EXERCISE PROMPT = Copy exactly the lines from the beginning of the data down to and including the line holding "Caseria Men's Cotton", without any pictures.

Records drawn from a dataset =
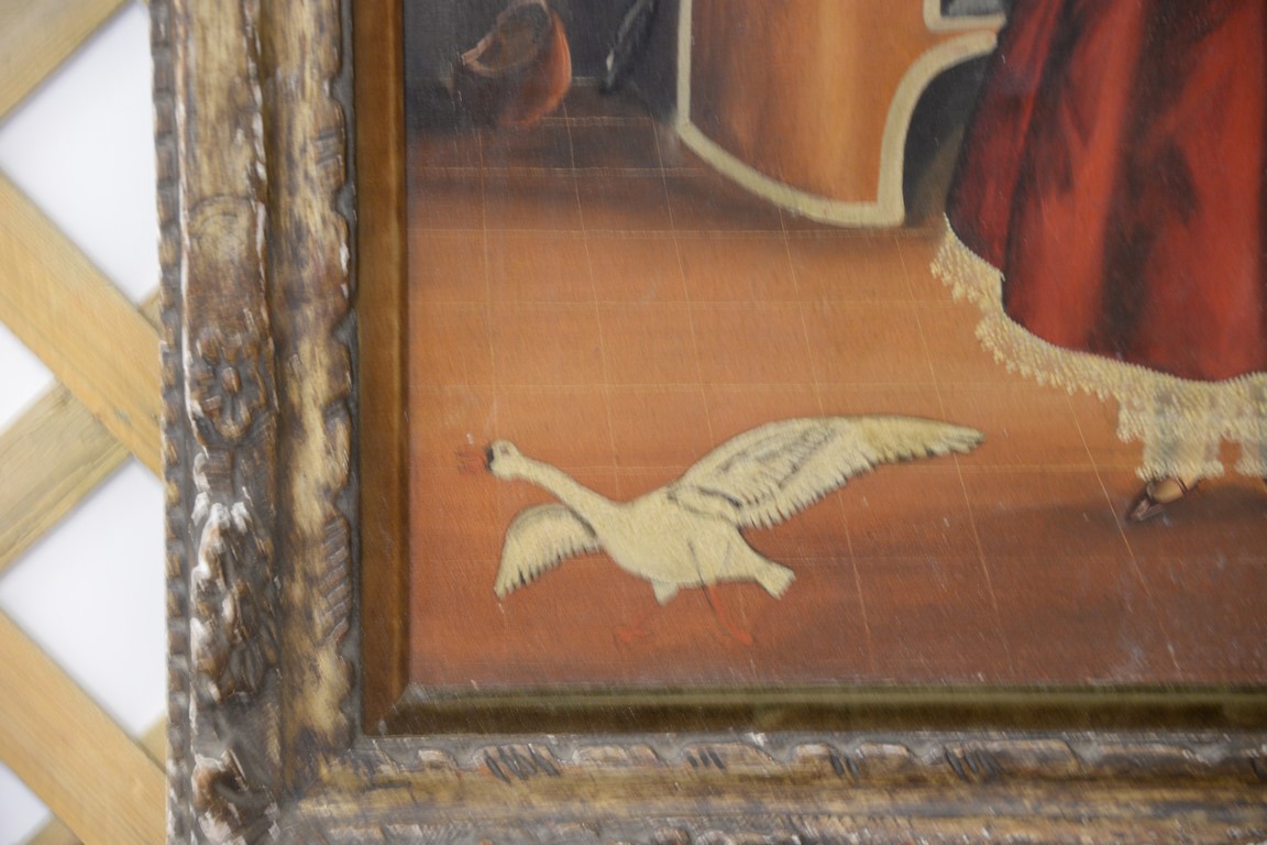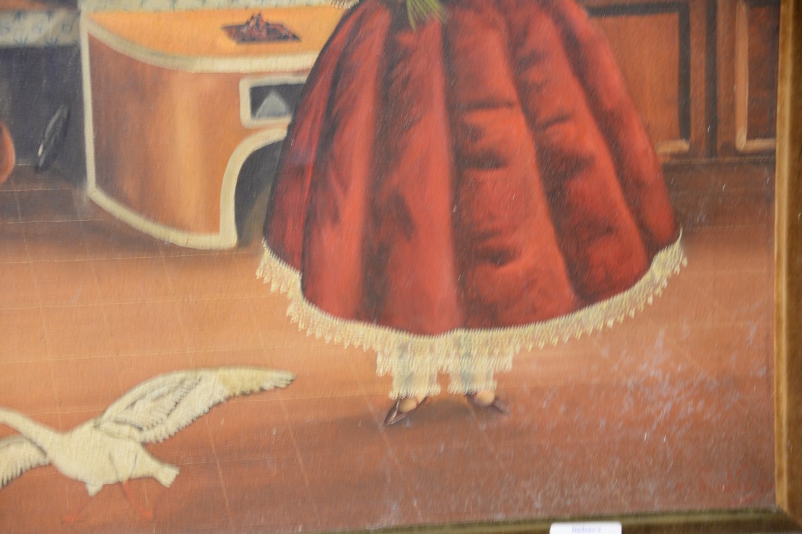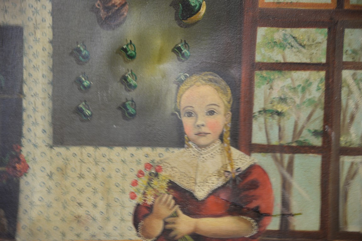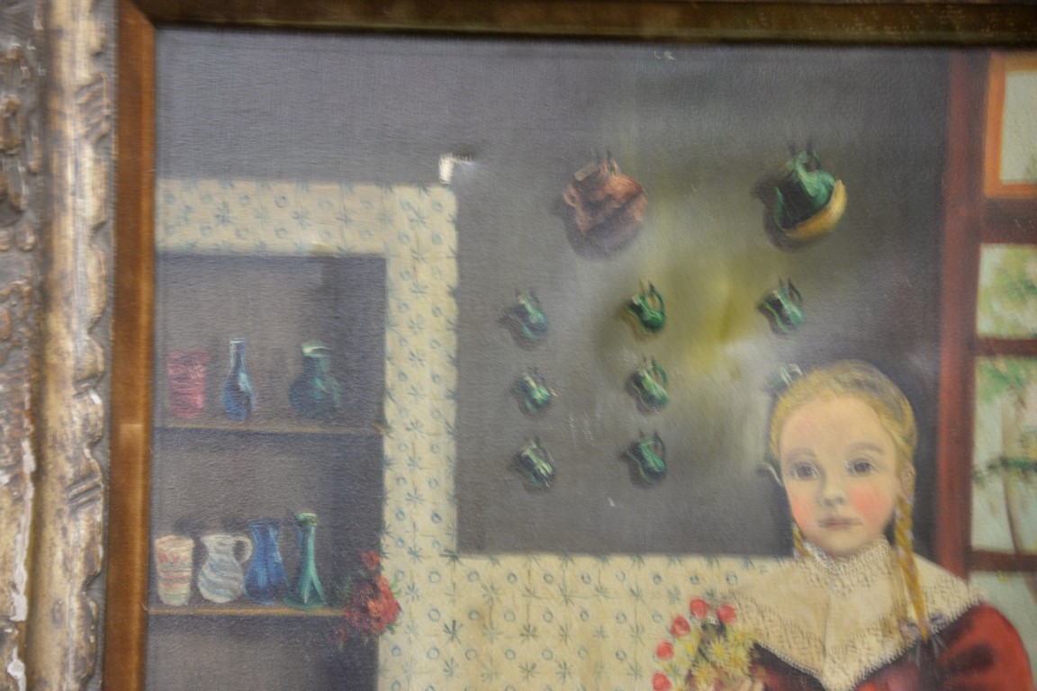 Lot 446B: Agapito Labios 1898-1996 oil on canvas folk art interior girl holding flowers, signed lower right A. Labios, 23 1/2 x 18 1/2
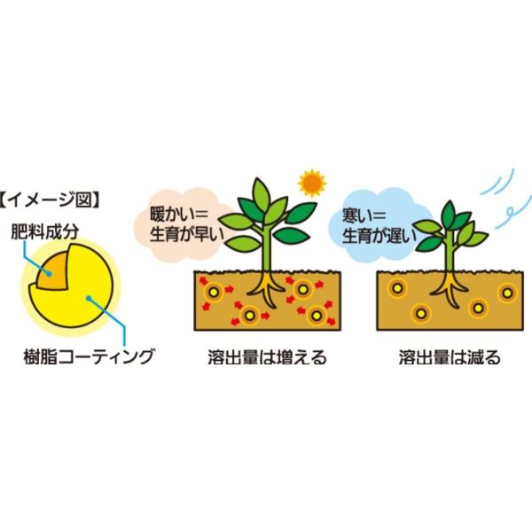 暖かいと肥料成分が速やかに溶出され、寒く生長が鈍い時期は肥料成分の溶出が緩やかになる【リリースコントロールテクノロジー】が採用されている商品です。
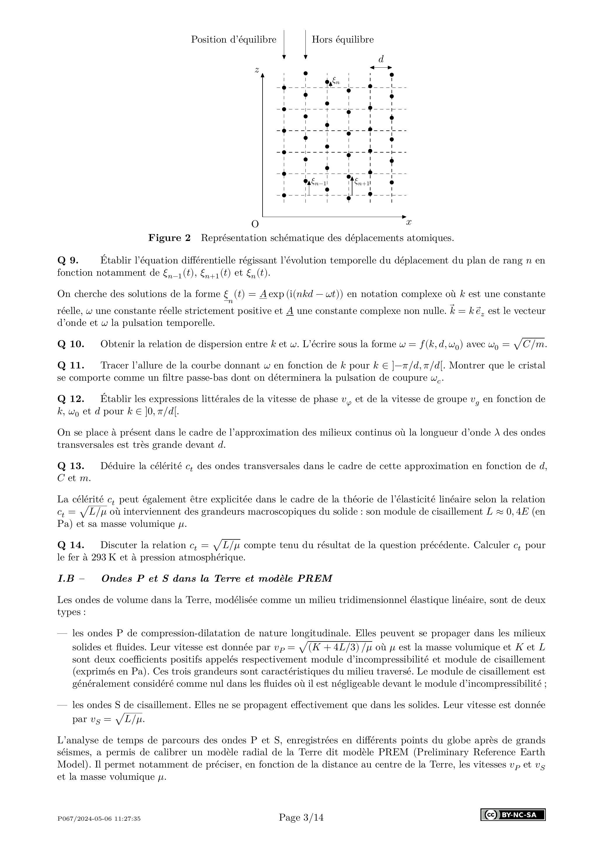 Q 10. Obtenir la relation de dispersion entre et . L'écrire sous la forme avec .
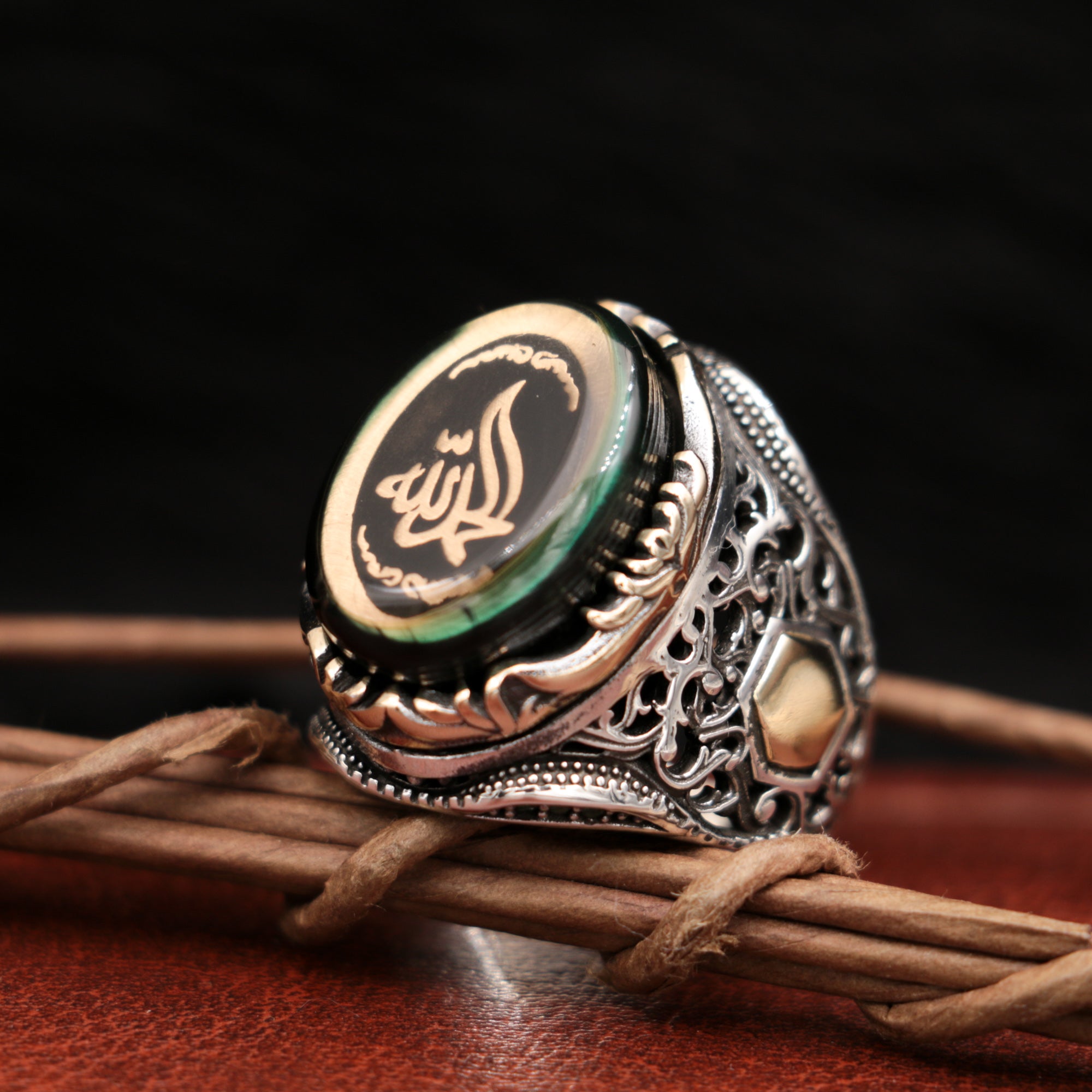 Hat Sanatı Elhamdülillah Yazılı Gümüş Erkek Yüzük
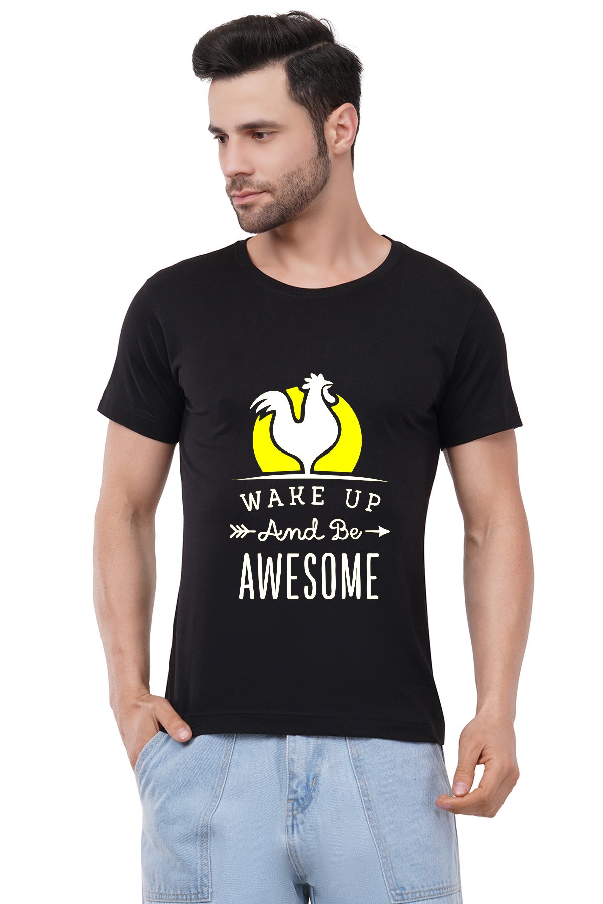 Caseria Men's Cotton Graphic Printed Half Sleeve T-Shirt - Wake Up Be Awesome
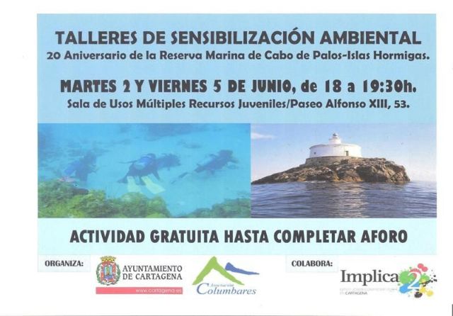El Ayuntamiento de Cartagena y la Asociación Columbares, en colaboración con el Programa Implica2, han organizado unos talleres de sensibilización ambiental. Se realizarán el martes 2 y el viernes 5 de junio, de 18.00 a 19.30 horas, en la sala de Usos Múltiples del Centro de Recursos Juveniles. La entrada es gratuita hasta completar aforo.
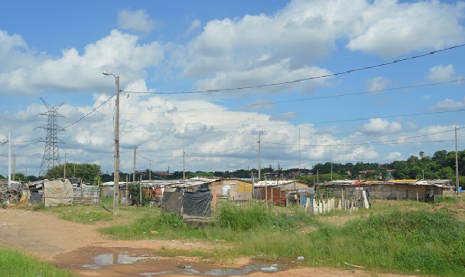 Casas precarias del refugio en la Costanera. Foto: Mercedes Toñánez. RDN.
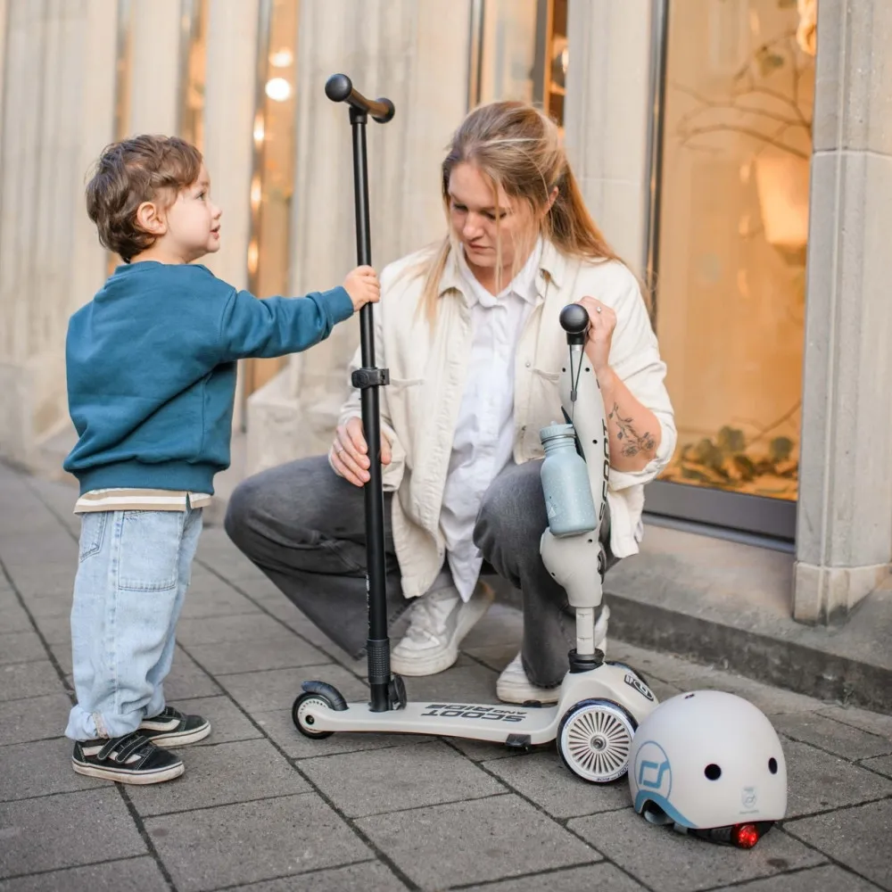 Highwaykick 1 Push and Go предлага уникална, патентована система за трансформация, която позволява лесно и бързо превръщане на тротинетката в колело за баланс – без нужда от инструменти. С двойното си заключване моделът е напълно сигурен и удобен за ежедневна употреба.
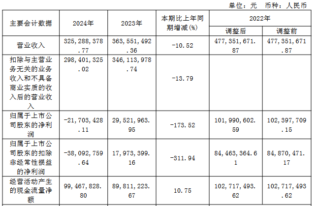 2024年,公司实现营业收入3.25亿元,同比下降10.52%;归属于上市公司股东的净利润为-2,170.34万元,上年同期为2,952.20万元;归属于上市公司股东的扣除非经常性损益的净利润为-3,809.28万元,上年同期为1,797.34万元;经营活动产生的现金流量净额为9,946.78万元,同比增长10.75%。
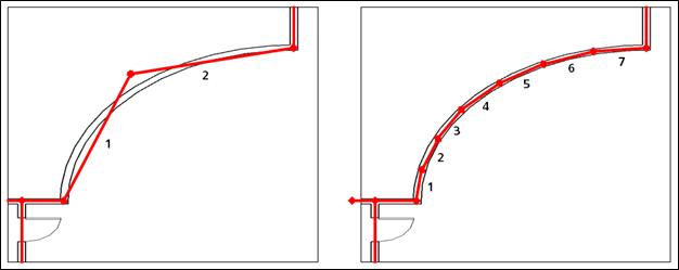 The illustration below shows how a simple curved wall could be represented in an EAM with either two or seven faceted Boundary Surfaces. The key question here is what level of discretization is enough; the former may well capture overall area effectively, but will round solar shading effects.
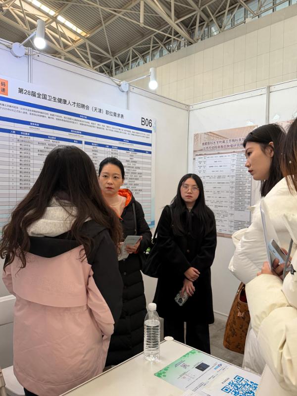 为深化校企合作,精准对接人才需求,促进毕业生精准就业。2025年11月22日,医学部党工委委员、基础医学院党委副书记邓玮率队赴天津梅江会展中心参加第28届全国医药卫生行业人才招聘会(天津场)暨第七届京津冀卫生健康人才交流会,开展访企拓岗促就业专项行动。此次活动由国家卫生健康委人才交流服务中心、北京市、天津市、河北省卫生健康委联合主办,汇聚全国17个省市近百家优质医疗卫生单位及知名企业,现场发布近万个就业岗位,吸引近万名求职者参与。
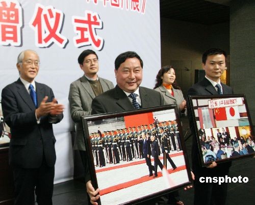 11月25日下午,日本驻重庆总领事馆总领事富田昌宏将《中日友好和平条约缔结暨邓小平访问日本30周年图片展》展品捐赠给广安邓小平纪念园陈列馆。中新社发 杜修战 摄
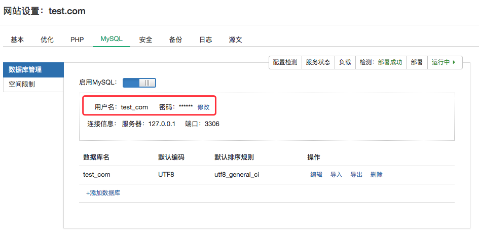 可以在"网站设置"中的"MySQL"-"数据库管理"中点击"修改"按钮,查看账号,密码信息;
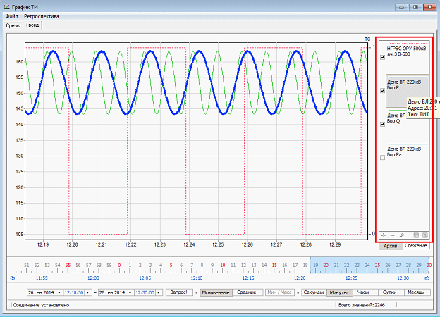 Каждый график в окне просмотра имеет свой цвет. Выделенный график отображается жирной линией с подсвеченными точками значений из архива. При наведении ЛКМ на узел графика всплывает подсказка, содержащая информацию: время, дата, значение, достоверность.
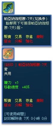 | 13 | 帕亞納伽翅膀-7天(兌換券) | 1 | 5.00% |
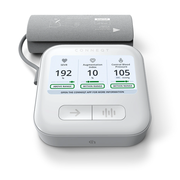 Measures blood pressure and advanced cardiovascular biomarkers like central blood pressure, arterial stiffness, and heart stress.
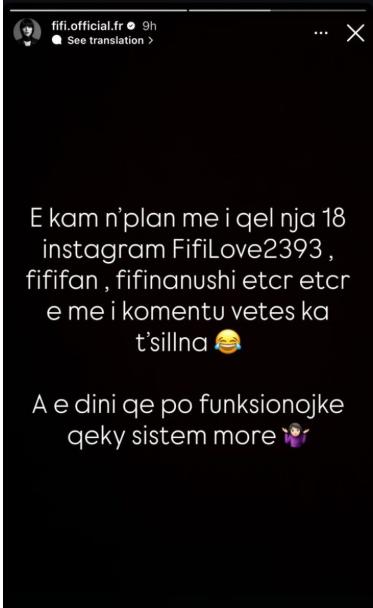 “E kam n’plan me i qel nja 18 Instagram FifiLove2393, Fififan, Fifinanushi etj. etj., e me i komentu vetes ka t’sillna. A e dini që po funksionojke qiky sistem more?”
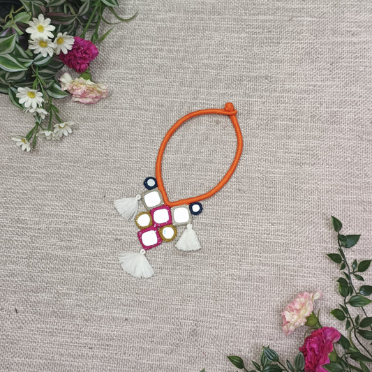 Buy Handcrafted Mirrorwork Orange Dori Neckpiece | Godhuli
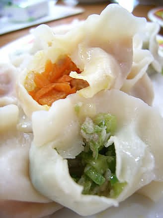 材料:豬肉餡100克,面粉100克,芹菜50克,香菇1朵,鹽適量。 做法: 1.香菇和芹菜洗凈,切成特別碎的末,與肉餡混合,加入適量鹽調(diào)味,制成餡料。 2.面粉加水和成面團(tuán),搟出餃子皮,放入餡料做成小餃子。 3.鍋中燒沸水,放入小餃子煮熟。撈出后蘸著番茄醬吃,顯得別有創(chuàng)意。 溫馨提示:把寶寶不愛吃的菜切成末,混到餡料里,做成包子、餃子、餛飩,比讓他們直接吃炒制或者是水煮的蔬菜更容易被接受。以上食物適合1歲以上的孩子。 |

REPLY TO THE TASK =
 Lot 446B: Agapito Labios 1898-1996 oil on canvas folk art interior girl holding flowers, signed lower right A. Labios, 23 1/2 x 18 1/2
 暖かいと肥料成分が速やかに溶出され、寒く生長が鈍い時期は肥料成分の溶出が緩やかになる【リリースコントロールテクノロジー】が採用されている商品です。
 Q 10. Obtenir la relation de dispersion entre et . L'écrire sous la forme avec .
 Hat Sanatı Elhamdülillah Yazılı Gümüş Erkek Yüzük
 Caseria Men's Cotton Graphic Printed Half Sleeve T-Shirt - Wake Up Be Awesome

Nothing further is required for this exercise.